# After Black Tank Dump - What To Do - Smell



## daveo (Mar 23, 2008)

After you dump a black tank - are you supposed to add water? I dump and a few weeks later after no camping the bathroom smells? Suggestions? Thought about adding water and one of the blue tank things after dumping?


----------



## ED_RN (Jun 25, 2006)

After dumping you should add some water and something to neutralize the smell. I use the blue stuff others use different things it's really your preference. The water is important. You should add about 5 gallons. If the trailer sit's for long periods in hot water you may to add some additional water from time to time since it will evaporate and go up the vent. If there is anything still in the tank without water it will dry out and you'll never get it out of there.


----------



## chuck&gail (Mar 8, 2010)

I always add one gallon to each waste tank after dumping. Keeps "stuff", and seals, from drying out. If tank smells I add a PottyTab.

In winter I add about a quart of RV antifreeze and a cup of peanet oil to each tank. Peanut oil acts as a valve lube.


----------



## Rob_G (Feb 16, 2006)

I do the "natural" method. Once emptied, I add about 5 gallons of water, laundry detergent, and 2 cups of calgon. Cleans up nice on the way home. Ever seen a dirty washing machine?


----------



## rdvholtwood (Sep 18, 2008)

We dump the black tank and add a 5 gallon bucket of water with a blue tab - haven't had any problems yet. I've heard that the calgon keeps things slippery to avoid things sticking.....

Also, throwing your cooler ice down after camping has been suggested to help agitate and clean up the tank during the ride home - that is - if you have somewhere to dump at home...
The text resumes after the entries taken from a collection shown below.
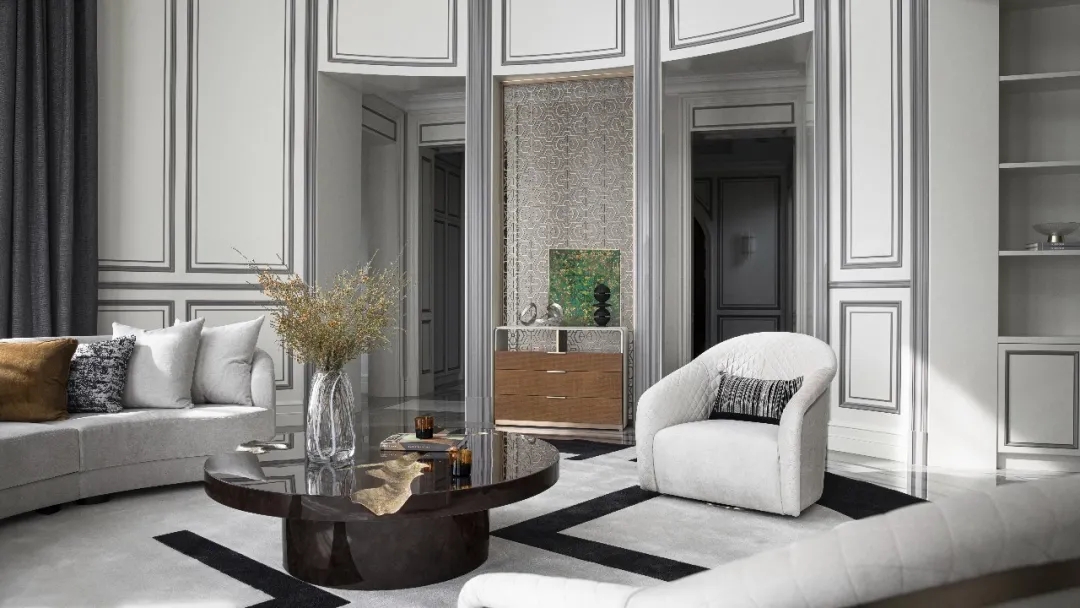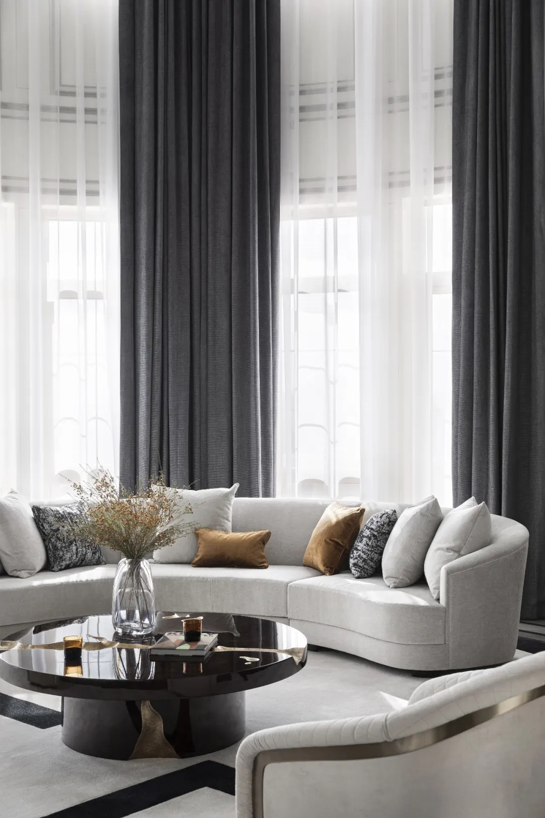 The tall and bright circular living room, which is all around, is full of joy. The white veil falls down like a waterfall, clean and clear. White arc sofa with round coffee table, charm smart, coordinated space.
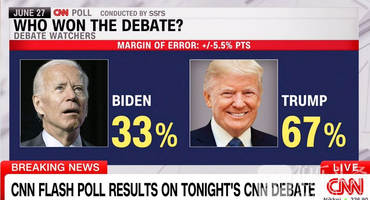 互动论坛 聊天灌水 2024 美国总统选举首场辩论,特朗普与拜登辩论民意调查结果:特朗普遥遥领先。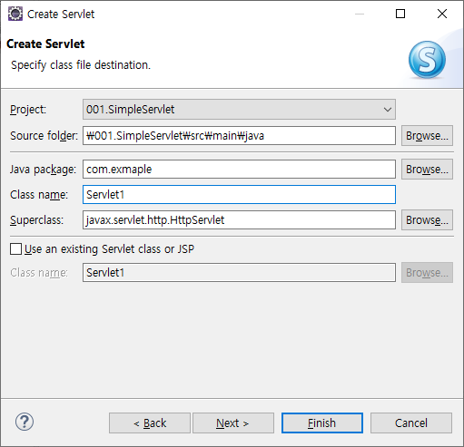 3. Servlet1.java 코드가 생성됨.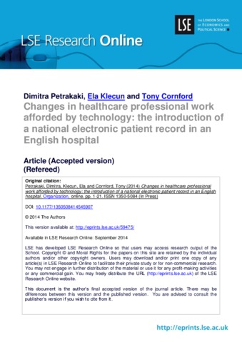 This article considers changes in healthcare professional work afforded by technology. It uses the sociology of professionals’ literature together with a theory of affordances to examine how and when technology allows change in healthcare professional work. The study draws from research into the introduction of a national electronic patient record in an English hospital. We argue that electronic patient record affords changes through its materiality as it interacts with healthcare professional practice. Its affordances entail some level of standardisation of healthcare professional conduct and practice, curtailment of professional autonomy, enlargement of nurses’ roles and redistribution of clinical work within and across professional boundaries. The article makes a contribution to the growing literature advocating a cultural approach to the study of technological affordances in organisations and to studies that explore healthcare professional practice in conjunction with the materiality of technology. Two main lines of argument are developed here. First, that technological affordances do not solely lie with the materiality of technology nor with individual perceptions, but are cultivated and nurtured within a broader cultural–institutional context, in our case a professional context of use. Second, that technological affordance of change is realised when healthcare professionals’ (individual and collective) perceptions of technology (and of its materiality) fit with their sense of (professional) self. In this respect, the article shows the extent to which the materiality of technology plays out with professional identity and frames the level and extent to which technology can and cannot afford restructuring of work and redistribution of power across professional groups.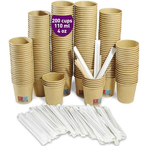 200 Pappersmuggar För Kaffe I Kraftkartong 110 ml / 4 oz. Mångsidiga Och Robusta Muggar För Espresso, Lungo, Macchiato Och Mer, Med Hygieniska Träpinnar Snyggt Inslagna I Papper.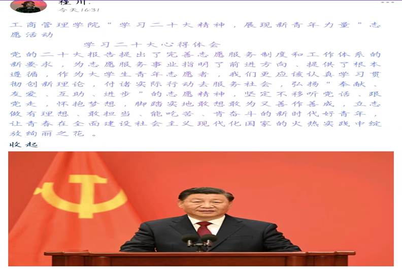 bat365在线中国官网登录入口青年志愿者协会向学院青年志愿者发起倡议,号召志愿者积极学习贯彻党的二十大精神,学院青年志愿者以集中和分散两种形式开展学习,并将学习心得在新媒体平台分享,志愿者表示,“党的二十大报告提出了完善志愿服务制度和工作体系的新要求,为志愿服务事业指明了前进方向、提供了根本遵循,作为大学生青年志愿者,我们更应该认真学习贯彻创新理论,付诸实际行动去服务社会,弘扬“奉献、友爱、互助、进步”的志愿精神,坚定不移听党话、跟党走。”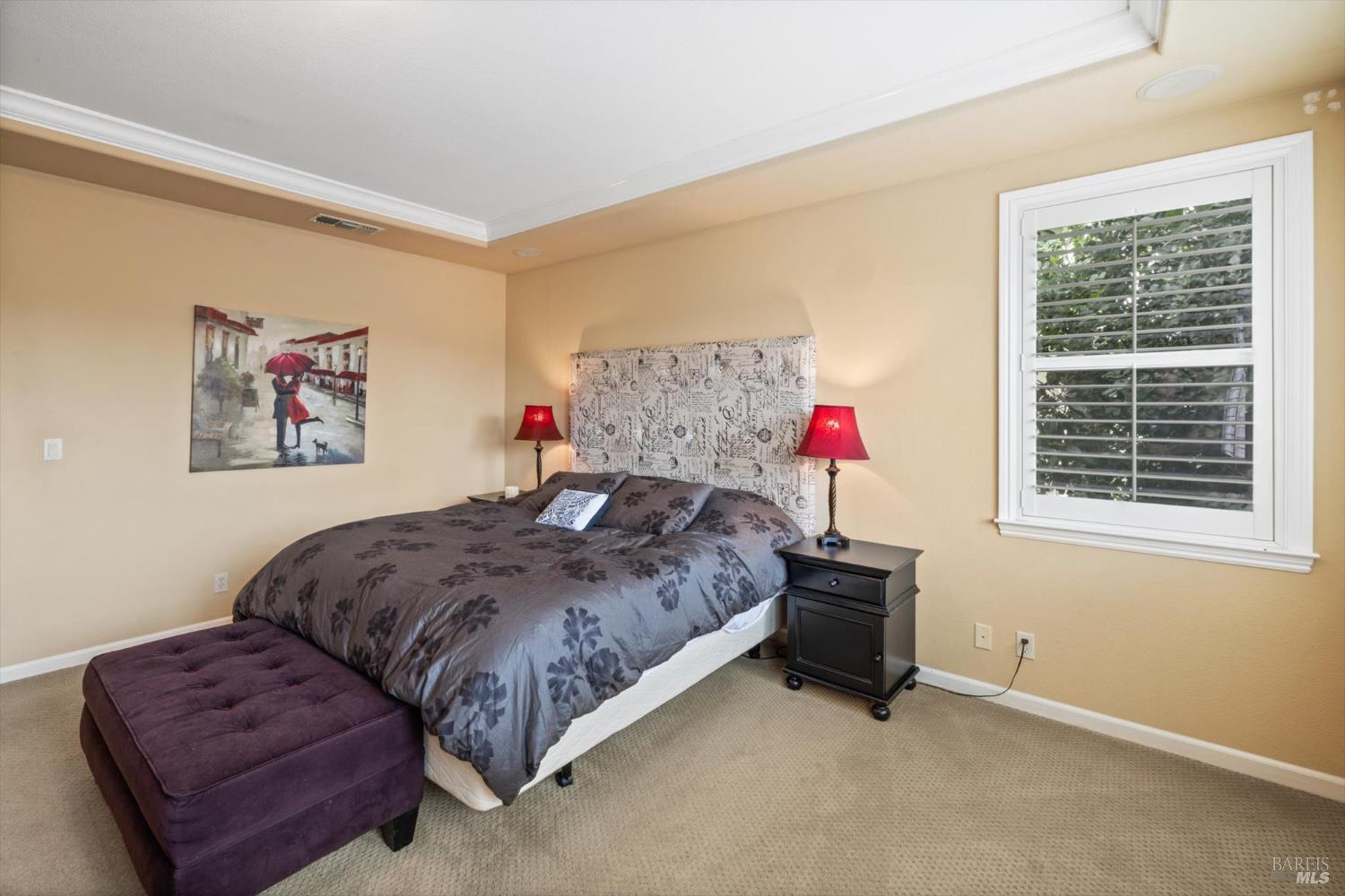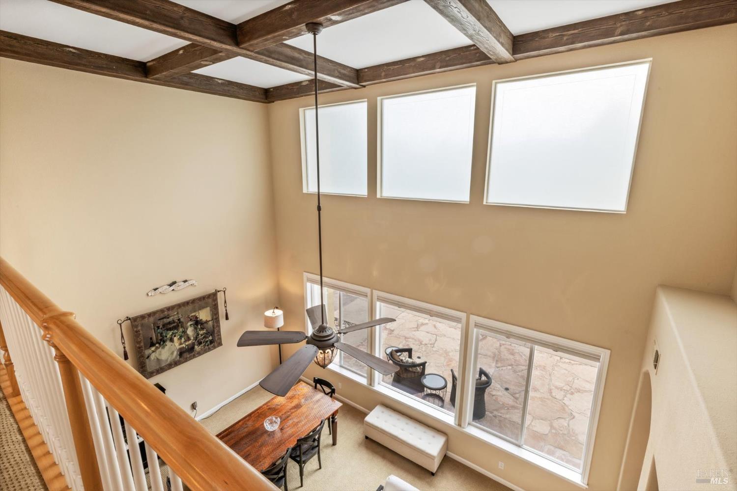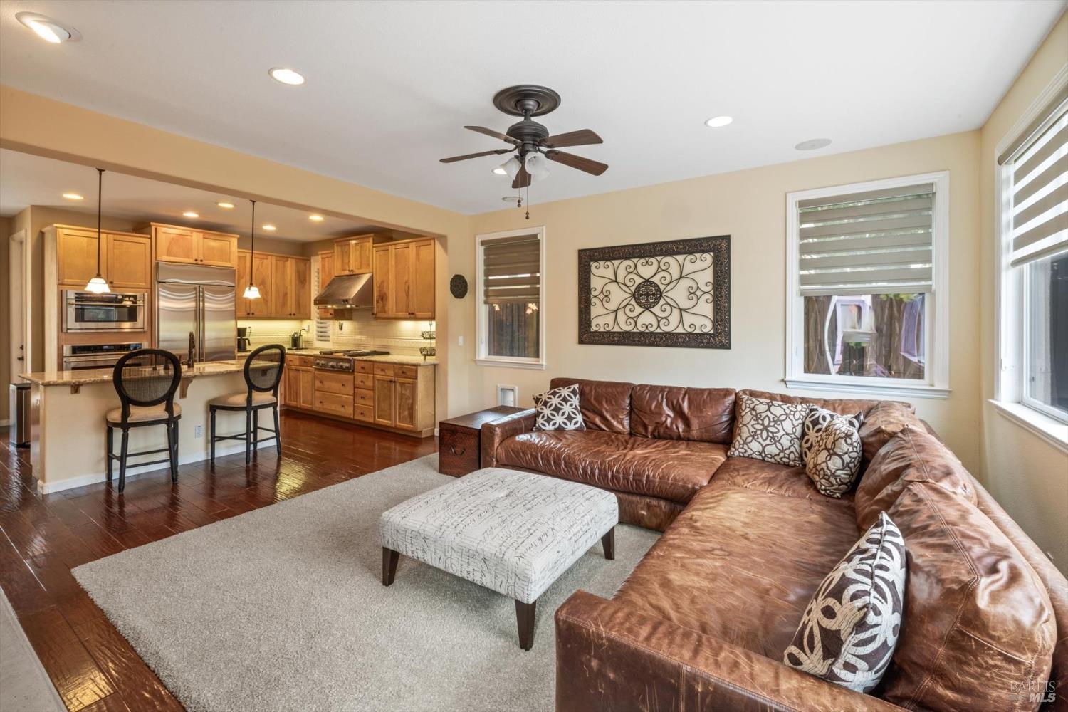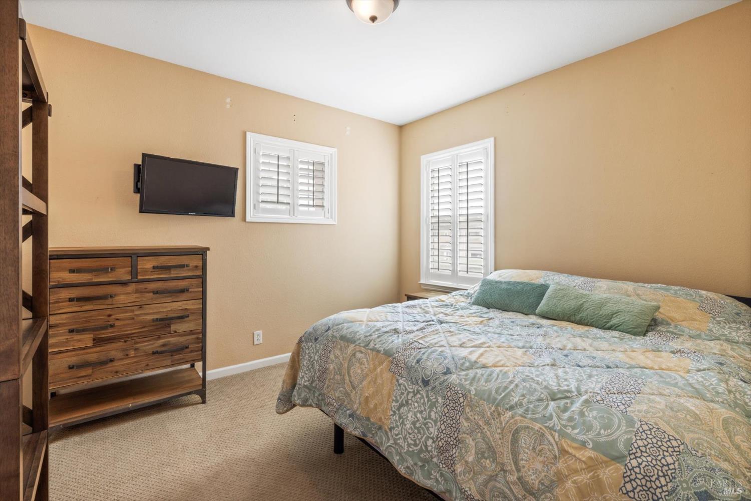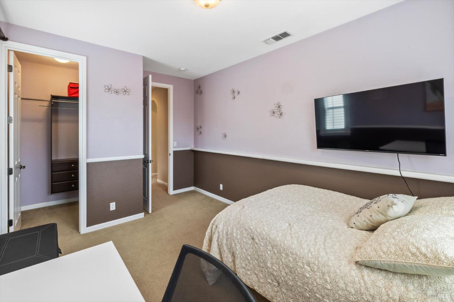 Former model home with style & comfort! Soaring open-beam ceilings, 3 gas fireplaces, and distressed hardwood floors set the tone. Gourmet kitchen with Monogram built-in appliances, beautiful birch cabinets throughout, large island, pantry & breakfast nook with custom built-ins. Downstairs bedroom with French doors to backyard plus den with front patio access. Expansive primary suite with 2 walk-in closets, fireplace & spa-like bath with jetted tub. Custom window coverings throughout. Resort-style backyard with pebble-bottom pool & waterfall, mature trees, pergola with lights, and low-maintenance landscaping. Dual-zone AC, organized closets, and thoughtful details throughout, plus a custom covered dog run on the side of the home complete this one-of-a-kind Vacaville gem!

The only smell we have encountered is a - sulfur type smell - right after dumping the tanks. It doesn't last long, but, its pretty strong.


----------



## Jelly Donut (Apr 13, 2009)

Dump tank at CG, usually there is a hose at the dump station and I run some water through the tank. As I pull out of the CG, I stop at the store and buy a bag of ice or 2 (depends on how long we were using the black tank ). I dump the entire bag of ice into the tank.... When I get home, I dump the black tank into a 5 gallon spackle bucket, then dump it into my toilet at home. Throw some blue stuff in and I'm good to go!


----------



## thefulminator (Aug 8, 2007)

Do you have any sort of flusher, like a quicky flush installed and if so do you use it? I had the same problem. I used the detergent/softener combo with green stuff and still had problems. Would dump the tank and it would smell worse after the dump than before it. I tried dumping five gallon buckets of water down the toilet when dumping and using a wand but nothing helped. I finally installed a tornado rinser and use a clear elbow on the trailer dump connection so I can see what is coming out. When I dumped at a park the first time after installation, I couldn't believe the paper that was coming out. I mean after the tank was empty and I turned the flusher on, I would get big wads of paper every few minutes. This went on for at least a half hour. After seeing nothing but clear water for about ten minutes I called it good. Now every time I'm at a park with sewer hookups, I let it run until the water is clear for ten minutes and I haven't had a smell problem since.


----------